Crosscutting Concepts: Privacy and Security; System Relationships; Human–Computer Interaction

Connection Within Framework: 9–12.Algorithms and Programming.Algorithms

There is a wide array of digital data collection tools; however, only some are appropriate for certain types of data. Tools are chosen based upon the type of measurement they use as well as the type of data people wish to observe. Data scientists use the term observation to describe data collection, whether or not a human is involved in the collection.

Crosscutting Concept: Abstraction

Connections Within Framework: 3–5.Algorithms and Programming.Variables; 3–5.Algorithms and Programming.Algorithms

Music, images, video, and text require different amounts of storage. Video will often require more storage than music or images alone because video combines both. For example, two pictures of the same object can require different amounts of storage based upon their resolution. Different software tools used to access and store data may add additional data about the data (metadata), which results in different storage requirements. An image file is a designed representation of a real-world image and can be opened by either an image editor or a text editor, but the text editor does not know how to translate the data into the image. Understanding binary or 8-bit versus 16-bit representations is not expected at this level.

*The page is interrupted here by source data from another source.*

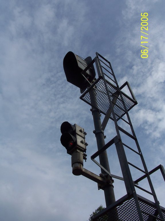 L&W Signal Heads Front of the signals, displays red over red. Wickes, MO |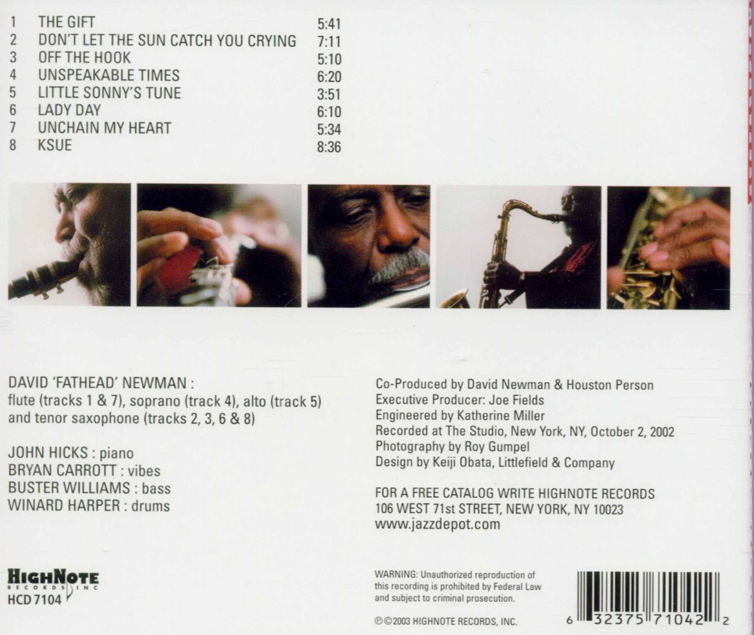 The definitive soul-jazz, blues and funk player, David 'Fathead' Newman also has the capacity to burn in a bebop mode and wax poetic over a romantic ballad with the best of them. David accomplishes all of the above on his new record, "The Gift." A native of Dallas, David came to national prominence in the '50s while working with Ray Charles. He has been a reliably swinging force on the scene and a imaginative, well-respected leader for the past four decades. With keyboard giant, John Hicks, laying down the changes, Winard Harper propelling the rhythm along and Bryan Carrott adding just the right amount of exotic color, David offers up eight tunes with not only his trade-mark Texas-Tenor sound, but also displays his considerable prowess on alto, soprano and flute.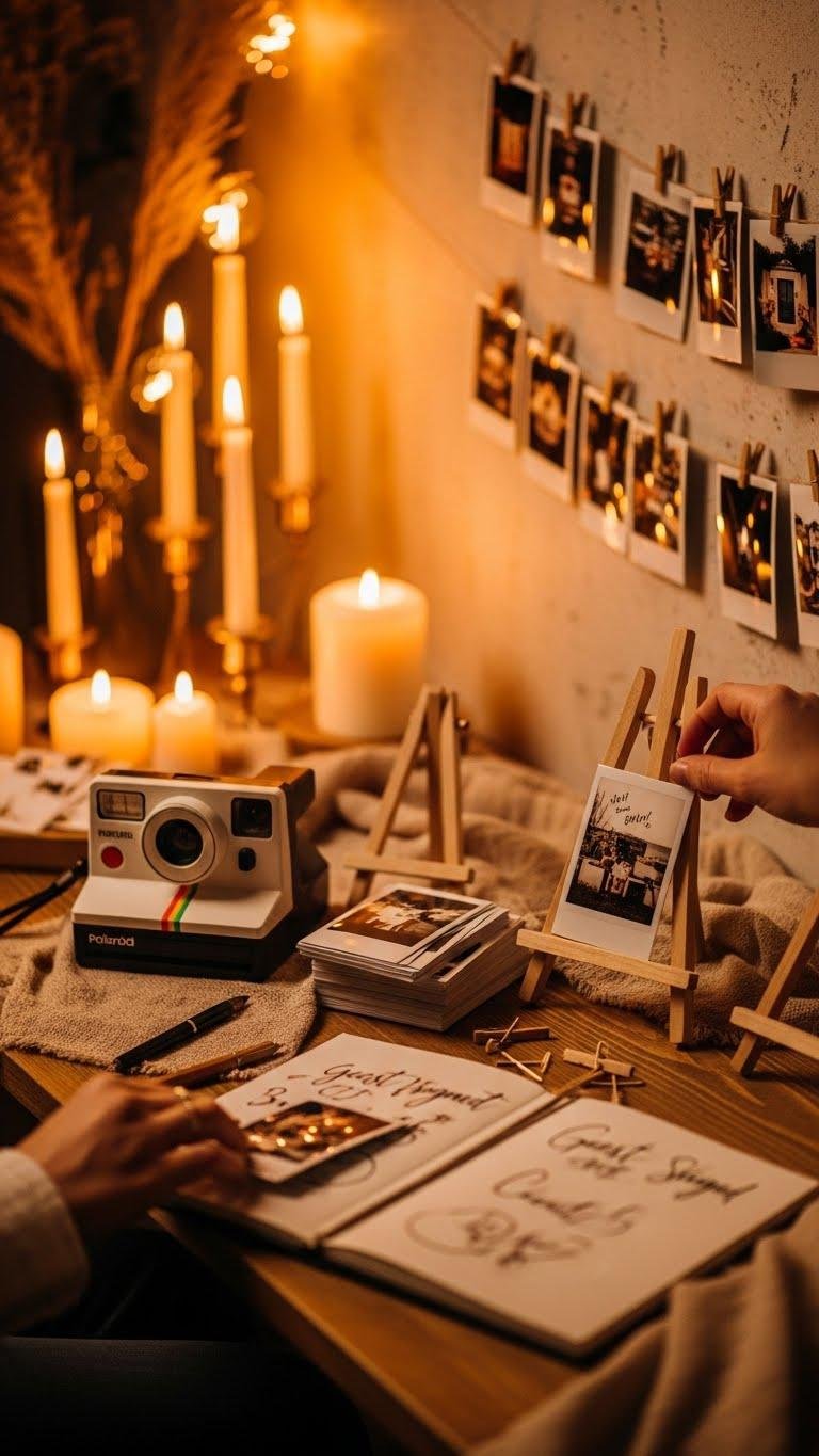 After the warm glow of clustered candles settles, bring the same cozy, camera-ready energy to a Polaroid station where guests can capture the night in tangible moments. You’ll set rules for instant camera etiquette — like one shot per person and quick queues — then offer chic print display ideas: string clips, mini easels, a guest-signed photo book for freewheeling memories.

Crosscutting Concept: System Relationships

Connections Within Framework: 3–5.Computing Systems.Hardware and Software; 3–5.Algorithms and Programming.Variables

Data is often sorted or grouped to provide additional clarity. Data points can be clustered by a number of commonalities without a category label. For example, a series of days might be grouped by temperature, air pressure, and humidity and later categorized as fair, mild, or extreme weather. The same data could be manipulated in different ways to emphasize particular aspects or parts of the data set. For example, when working with a data set of popular songs, data could be shown by genre or artist. Simple data visualizations include graphs and charts, infographics, and ratios that represent statistical characteristics of the data.

Crosscutting Concepts: Abstraction; Human–Computer Interaction

Connection Within Framework: 6–8.Impacts of Computing.Social Interactions

People use data to highlight or propose cause-and-effect relationships and predict outcomes. Basing inferences or predictions on data does not guarantee their accuracy; the data must be relevant and of sufficient quantity. An example of irrelevance is using eye color data when inferring someone’s age. An example of insufficient quantity is predicting the outcome of an election by polling only a few people.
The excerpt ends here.